**Available data**
+===+

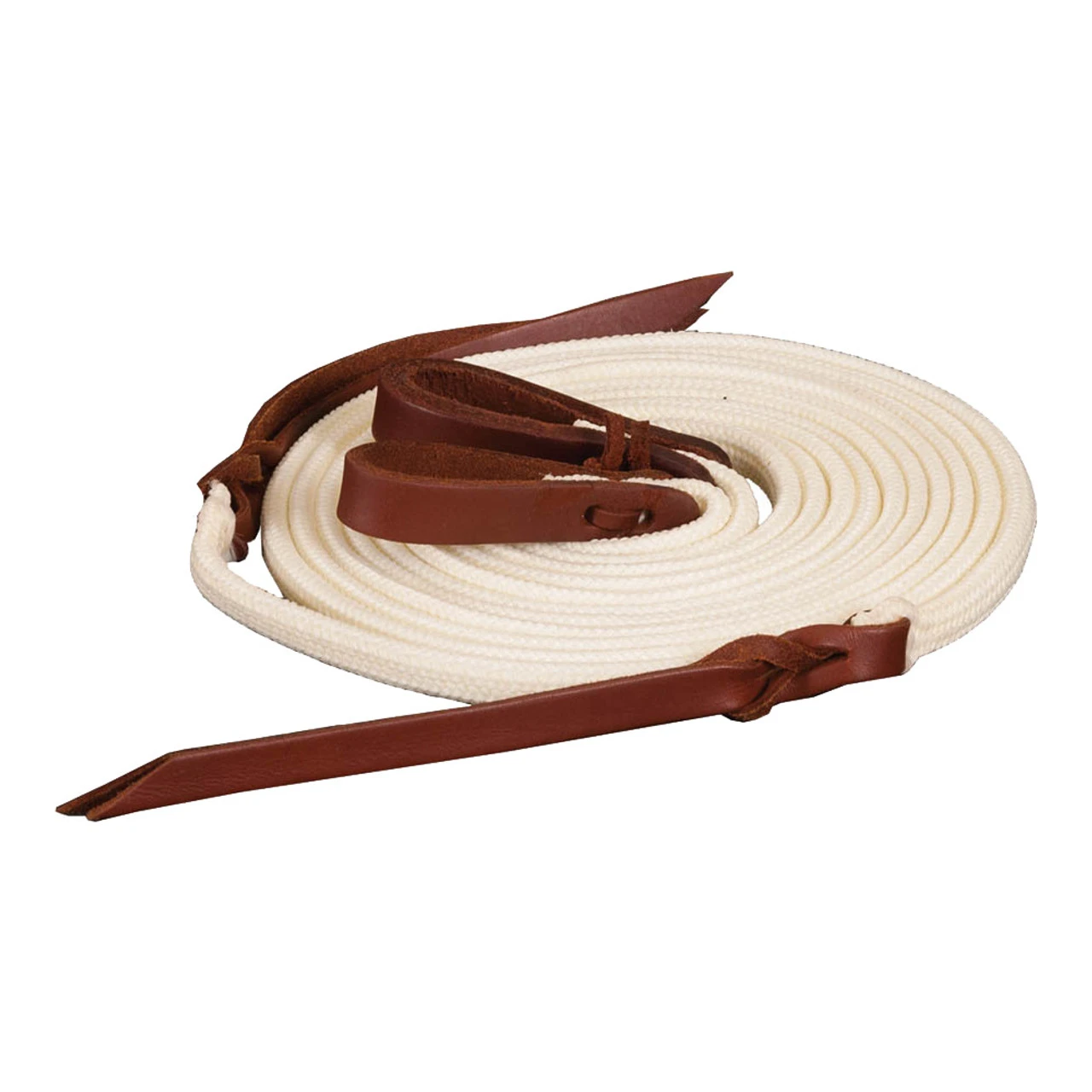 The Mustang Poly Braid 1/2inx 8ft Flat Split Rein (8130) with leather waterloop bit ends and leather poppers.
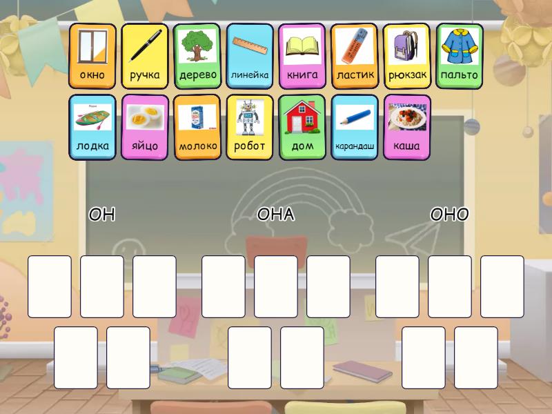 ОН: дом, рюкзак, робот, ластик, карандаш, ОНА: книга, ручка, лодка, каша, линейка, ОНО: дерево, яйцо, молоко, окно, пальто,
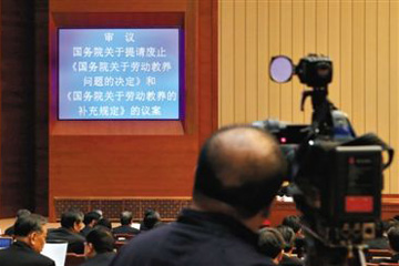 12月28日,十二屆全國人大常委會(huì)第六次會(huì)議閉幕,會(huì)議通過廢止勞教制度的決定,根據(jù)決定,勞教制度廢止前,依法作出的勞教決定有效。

+===+

**Activity**
Apart from the pictures, all of the data must be duplicated exactly as shown above.

**Solution to the problem**
 The Mustang Poly Braid 1/2inx 8ft Flat Split Rein (8130) with leather waterloop bit ends and leather poppers.
 ОН: дом, рюкзак, робот, ластик, карандаш, ОНА: книга, ручка, лодка, каша, линейка, ОНО: дерево, яйцо, молоко, окно, пальто,
 12月28日,十二屆全國人大常委會(huì)第六次會(huì)議閉幕,會(huì)議通過廢止勞教制度的決定,根據(jù)決定,勞教制度廢止前,依法作出的勞教決定有效。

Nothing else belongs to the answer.